Do school teachers send their children to government schools?

I’ve often wondered whether teachers more or less likely to send their children to private schools, and in surfing through back issues of the Australian Education Researcher, I found at least a partial answer. A 2008 paper by Helen Proctor, titled “School Teacher Parents and the Retreat From Public Secondary Schooling: A View from the Australian Census, 1976-2001”, uses custom-made census cross-tabulations. The results are only for Sydney, but make interesting reading nonetheless.

First, here’s the overall pattern, where the columns are the type of school the child attended.

And now, let’s look at school teacher fathers and mothers (rows) and the type of school their children attended (columns).


In both censuses, Sydney school teachers were less likely to send their children to government schools than the Sydney average parent, and they have shifted towards non-government schools at about the same rate as everyone else. About half of all teachers now send their children to a non-government school.

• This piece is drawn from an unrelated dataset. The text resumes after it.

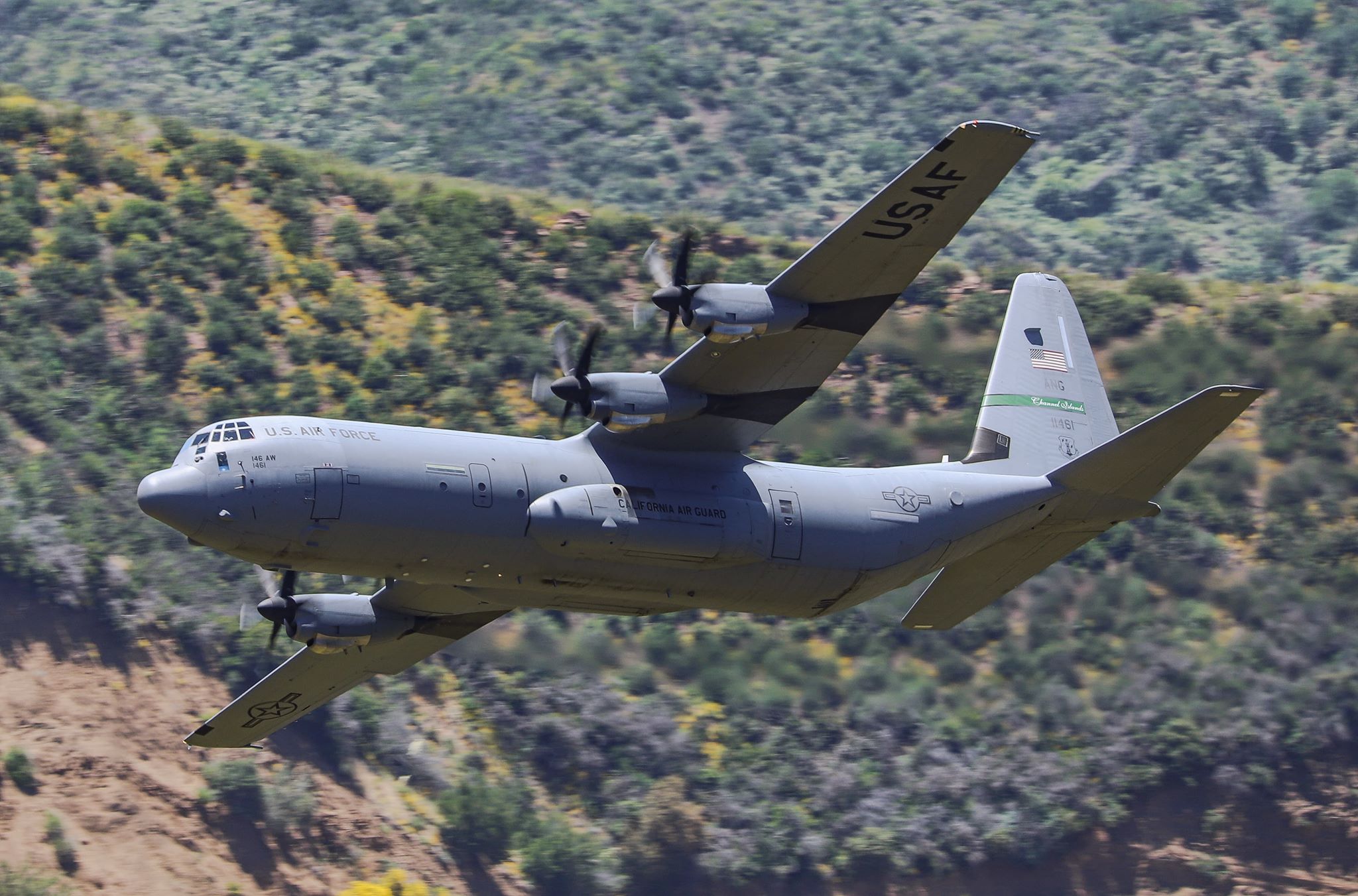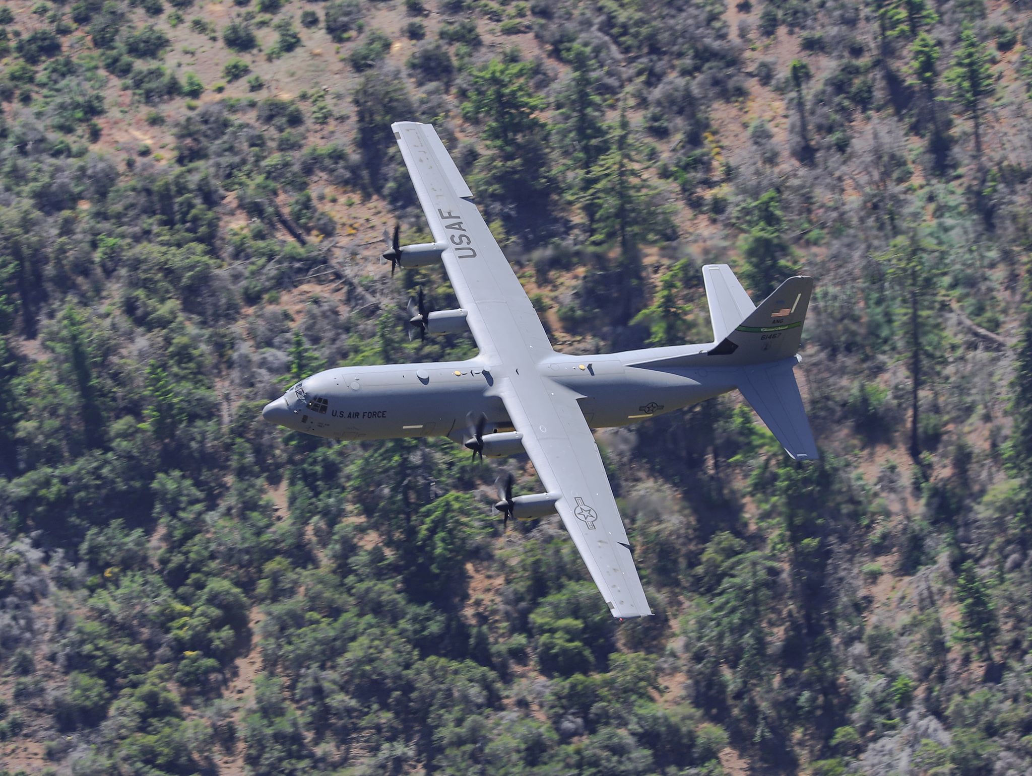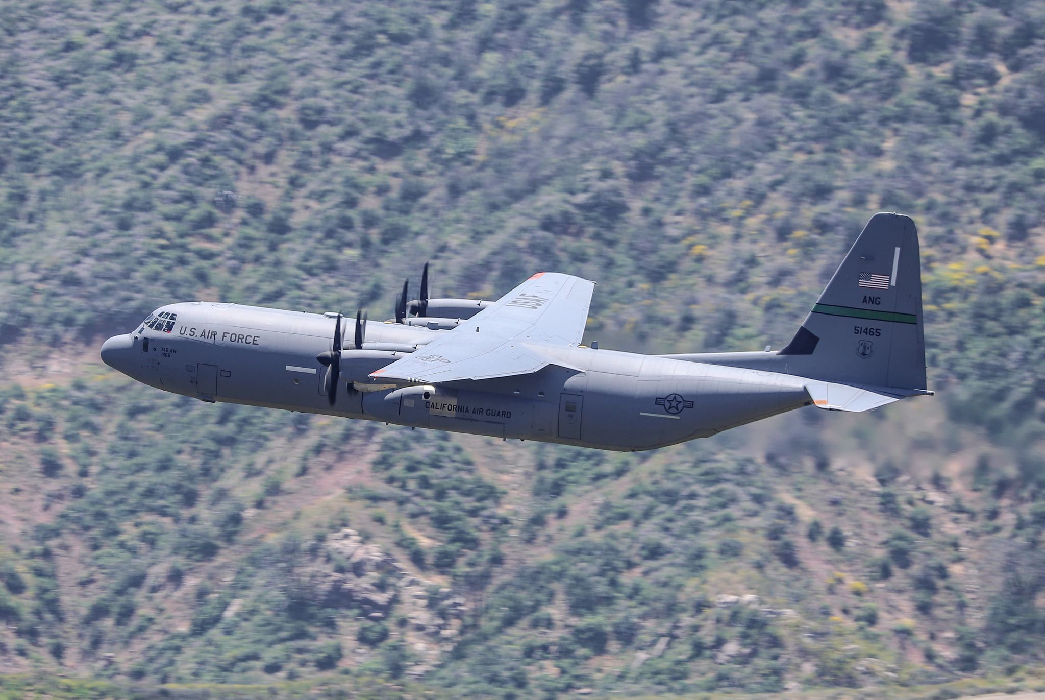 Seeing these clean (no external stores or pylons) stretched Super Hercules roaring through the steep California countryside is truly a sight to behold. Thanks a ton to Christopher for sharing this awesome display of California Air National Guard air mobility might with us!

One way to explain this is that teachers parents value education more highly than the typical parent, so spend more on it. But you might also think that part of the shift is due to teacher parents sending the children to their own school (to make drop-offs easier, or maybe to keep an eye on junior in the playground). Just as the share of private school children has grown, so has the share of private school teachers. Usefully, Proctor addresses this by showing a breakdown by school type:


So it is true that government school teachers are more likely to send their children to a government school than are Sydney parents in general. Overall, 58% of Sydney children attend government schools, but among the children of female teachers, the share is 63%, and among the children of male teachers, the share is 75% (we know that men are in general more likely to join a union, so I wonder if this is partly male teachers being more ideological about where their children attend school?). Nonetheless, with about one-third of government school teachers choosing private schools for their own children, you have to wonder how well these ‘public is best’ advertisements play with public school teachers.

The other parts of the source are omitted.